[Supplied data — start]
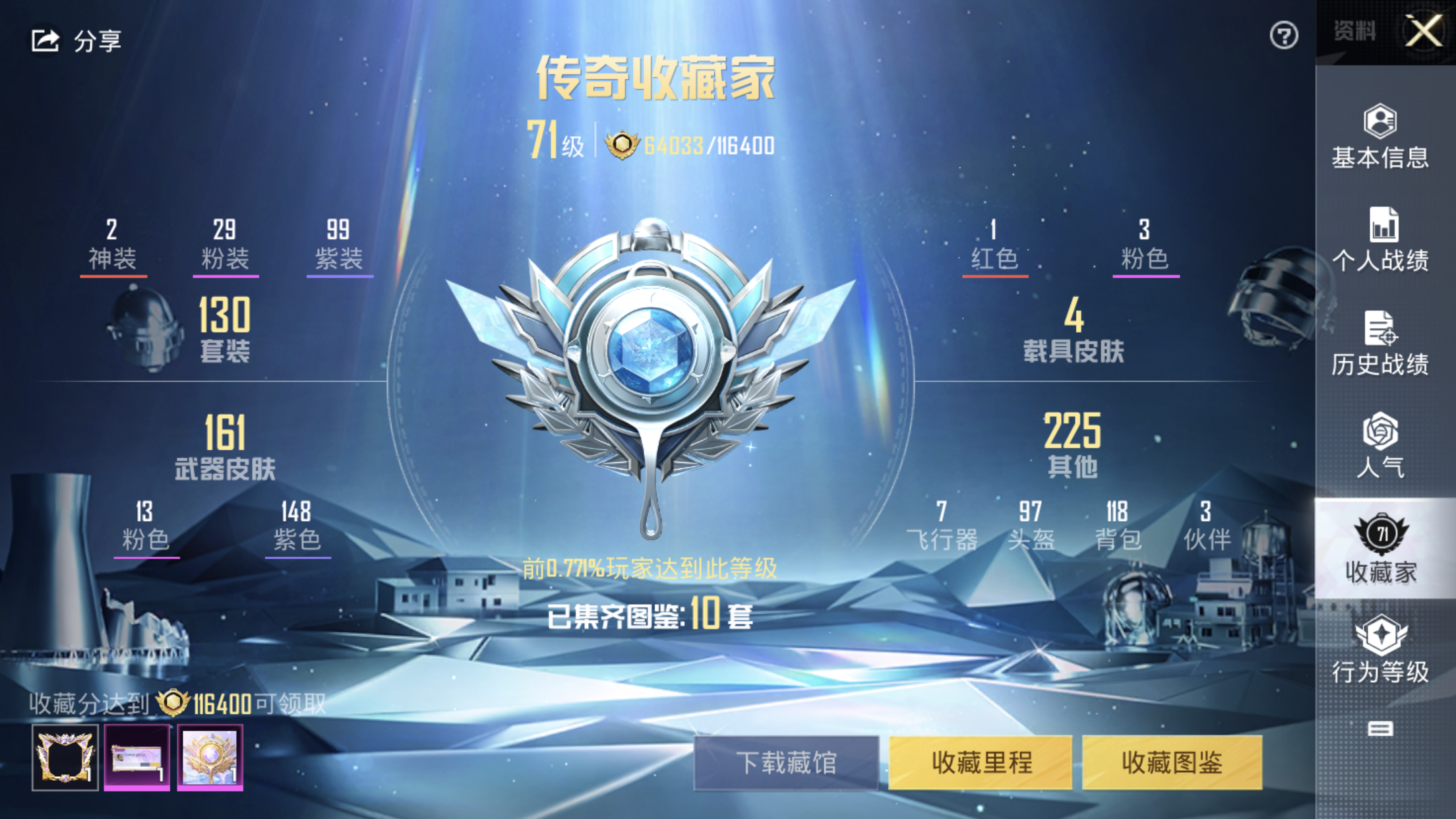 贵族等级:v9皮肤数:309勇者品质107 史诗品质98 战令限定22 限定87 魔法世界3 KPL限定6 永宁纪1 传说品质25 活动专属12 青春校园5 赛季限定13 梦幻童话1 周年限定3 草木风华2 时之奇旅2 CP皮肤8 生肖限定7 地狱火1 新春专属4 古今物语2 源梦皮肤5 归虚梦演5 情人节限定1 五路精神5 末日机甲1 西部大镖客2 五环荣耀2 时之际遇2 超时空小队2 夏日海滩7 蔬菜精灵1 胡桃异想国2 五五朋友节5 敦煌研究院2 荣耀典藏3 神州地方志3 王者之证2 冰雪之歌2 荣耀中国节3 御龙在天2 乐园午夜2 奇趣潮玩3 全民电竞2 FMVP2 至美风华1 冰雪奇缘1 86版西游记1 圣诞颂歌2 琥珀纪元1 百相守梦2 音你2 珍宝阁专属1 顽趣1 贵族限定4 成就限定1 信誉专属1 电玩狂想3 大话西游1 圆桌骑士1 世冠皮肤1 妄想都市1 宇宙歌姬1 美少女战士1 破界1 英雄数:122
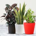 Order online this Botanical Gift Set of Three Air Purifying Planter and surprise your near and dear ones. This beautiful Gift Set is composed of Black Rubber Plant, Jade Plant and Snake Plant nicely presented in a Plastic Planter. Plant Type - Indoor - Air Purifying Plant Size - 3 to 7 inch Pot Size - 3 to 4 inch
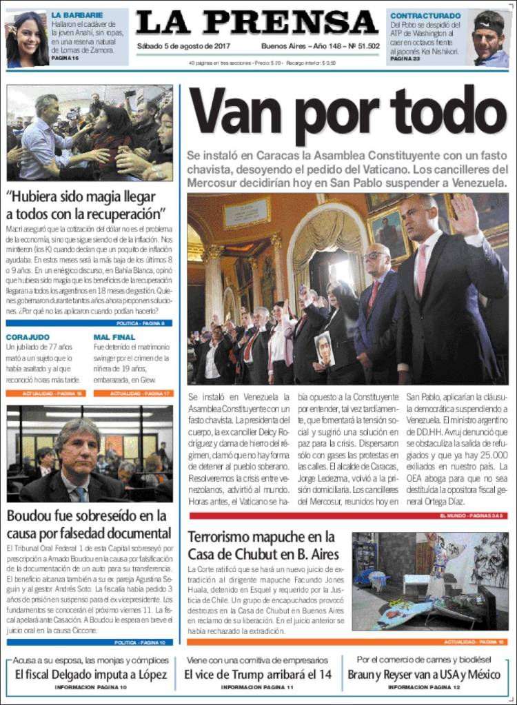 Como cada día te acercamos las tapas de los diarios más relevantes de la región y el país para que puedas arrancar el día con una mirada profunda y completa de lo que publica la prensa escrita.
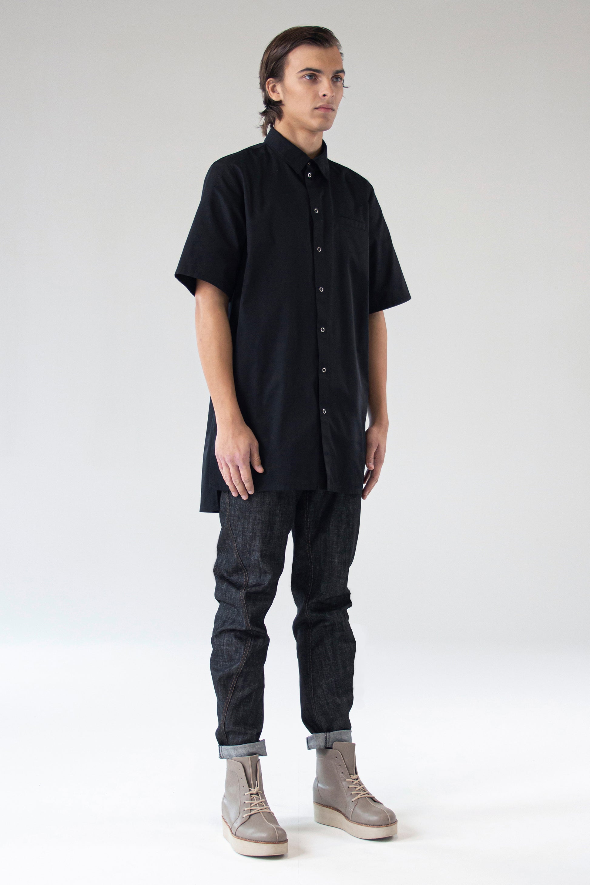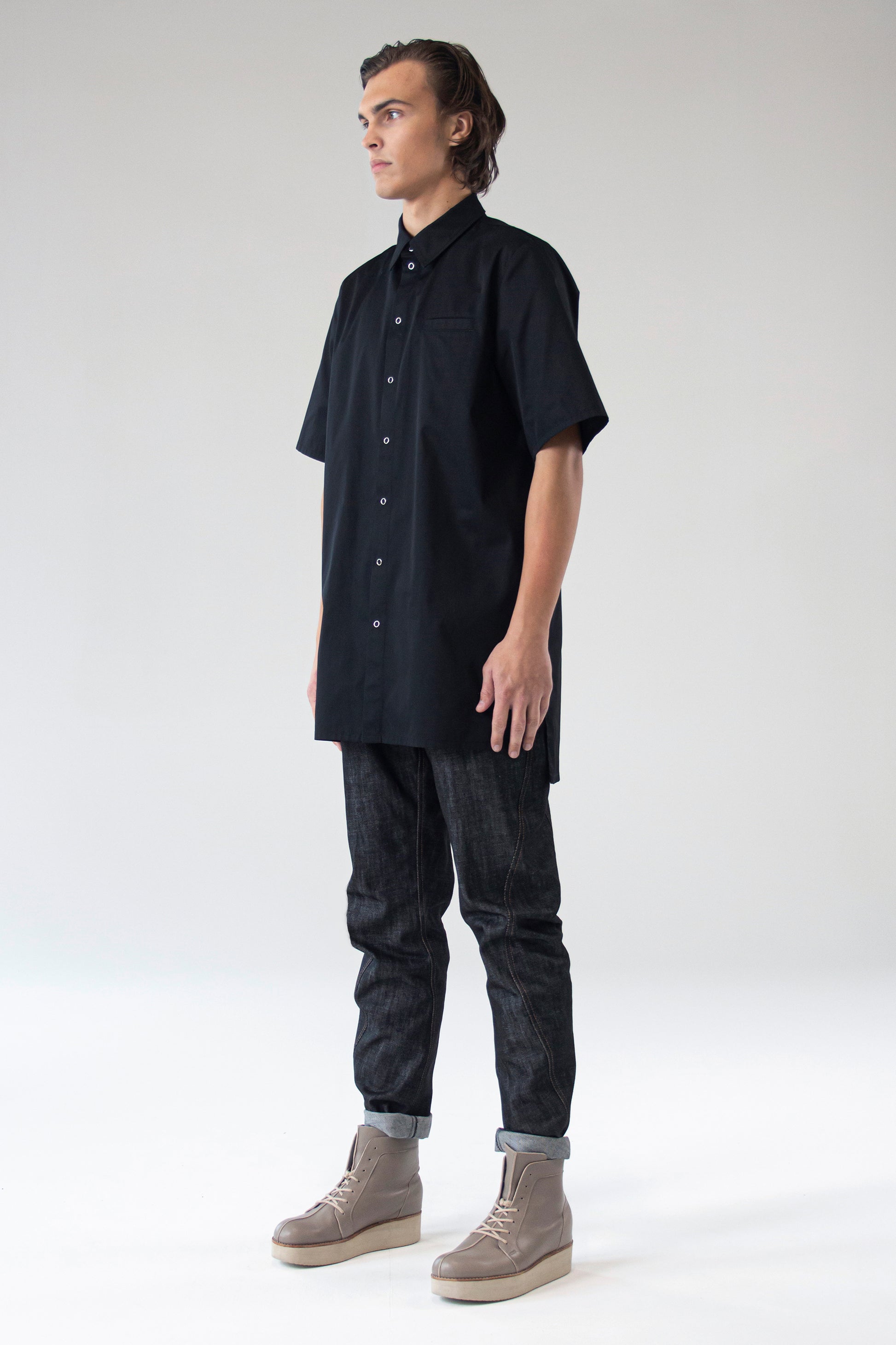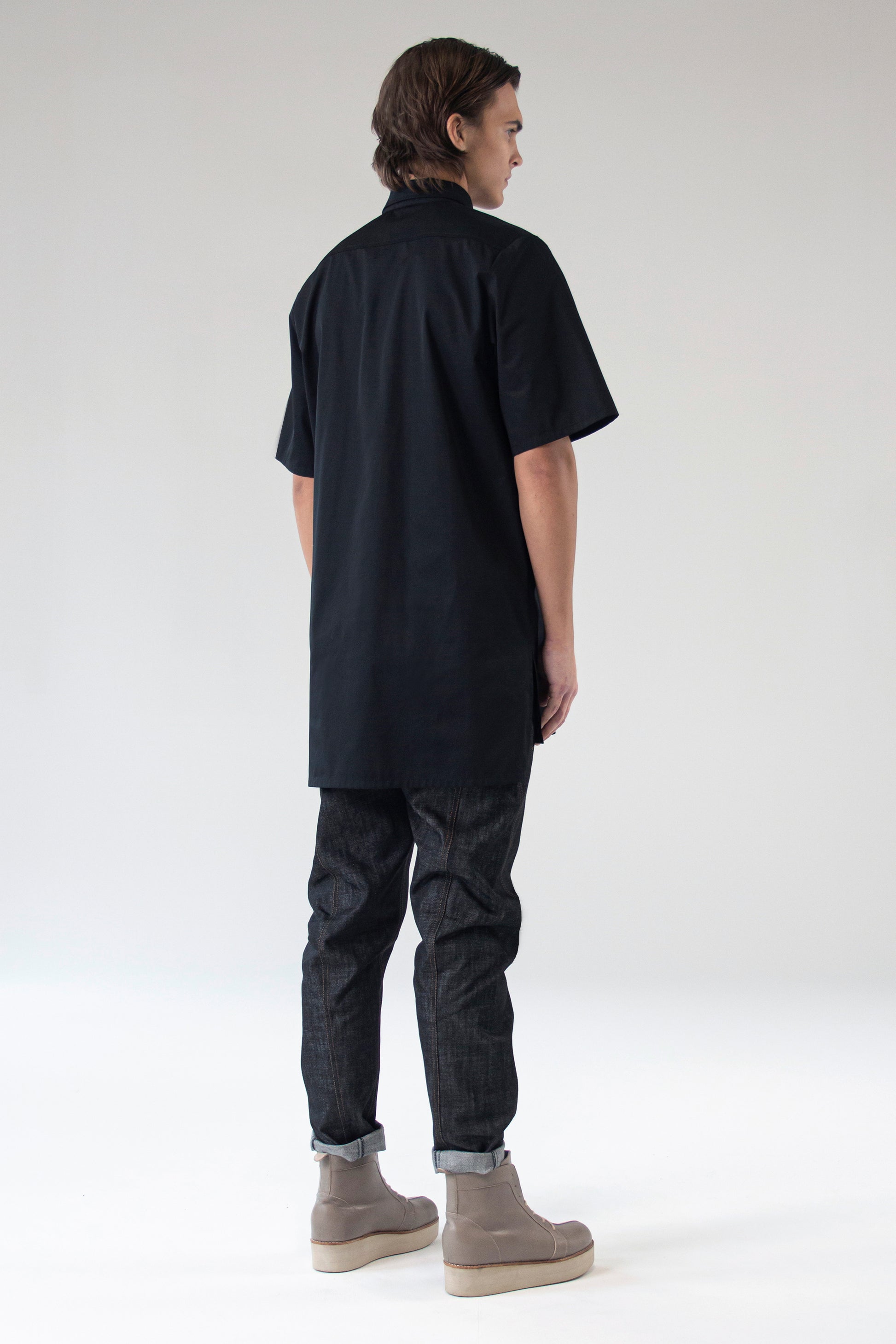 Loose fit, extended black unisex shirt with classic collar and button fastening. Made of practical 100% cotton material. Design and production in Latvia.
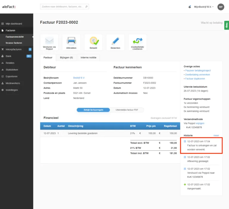 Om statusberichten vanuit het Peppol-netwerk te ontvangen, moet je geregistreerd zijn bij het Peppol netwerk. Om de statusberichten op te halen dien je Peppol voor zowel verkoop- als inkoopfacturen ingeschakeld te hebben in WeFact. Een voorbeeld van een statusmelding volgt hieronder. In dit geval is het een statusmelding van een verzonden factuur die is aangekomen bij de ontvanger.
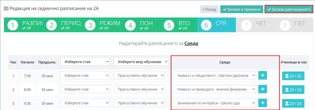 8. Въведете нужните промени и кликнете бутон "Запази разписанието".
[Supplied data — finish]
Word for word and without any pictures, return all of the lines above.

• Your response:
 贵族等级:v9皮肤数:309勇者品质107 史诗品质98 战令限定22 限定87 魔法世界3 KPL限定6 永宁纪1 传说品质25 活动专属12 青春校园5 赛季限定13 梦幻童话1 周年限定3 草木风华2 时之奇旅2 CP皮肤8 生肖限定7 地狱火1 新春专属4 古今物语2 源梦皮肤5 归虚梦演5 情人节限定1 五路精神5 末日机甲1 西部大镖客2 五环荣耀2 时之际遇2 超时空小队2 夏日海滩7 蔬菜精灵1 胡桃异想国2 五五朋友节5 敦煌研究院2 荣耀典藏3 神州地方志3 王者之证2 冰雪之歌2 荣耀中国节3 御龙在天2 乐园午夜2 奇趣潮玩3 全民电竞2 FMVP2 至美风华1 冰雪奇缘1 86版西游记1 圣诞颂歌2 琥珀纪元1 百相守梦2 音你2 珍宝阁专属1 顽趣1 贵族限定4 成就限定1 信誉专属1 电玩狂想3 大话西游1 圆桌骑士1 世冠皮肤1 妄想都市1 宇宙歌姬1 美少女战士1 破界1 英雄数:122
 Order online this Botanical Gift Set of Three Air Purifying Planter and surprise your near and dear ones. This beautiful Gift Set is composed of Black Rubber Plant, Jade Plant and Snake Plant nicely presented in a Plastic Planter. Plant Type - Indoor - Air Purifying Plant Size - 3 to 7 inch Pot Size - 3 to 4 inch
 Como cada día te acercamos las tapas de los diarios más relevantes de la región y el país para que puedas arrancar el día con una mirada profunda y completa de lo que publica la prensa escrita.
 Loose fit, extended black unisex shirt with classic collar and button fastening. Made of practical 100% cotton material. Design and production in Latvia.
 Om statusberichten vanuit het Peppol-netwerk te ontvangen, moet je geregistreerd zijn bij het Peppol netwerk. Om de statusberichten op te halen dien je Peppol voor zowel verkoop- als inkoopfacturen ingeschakeld te hebben in WeFact. Een voorbeeld van een statusmelding volgt hieronder. In dit geval is het een statusmelding van een verzonden factuur die is aangekomen bij de ontvanger.
 8. Въведете нужните промени и кликнете бутон "Запази разписанието".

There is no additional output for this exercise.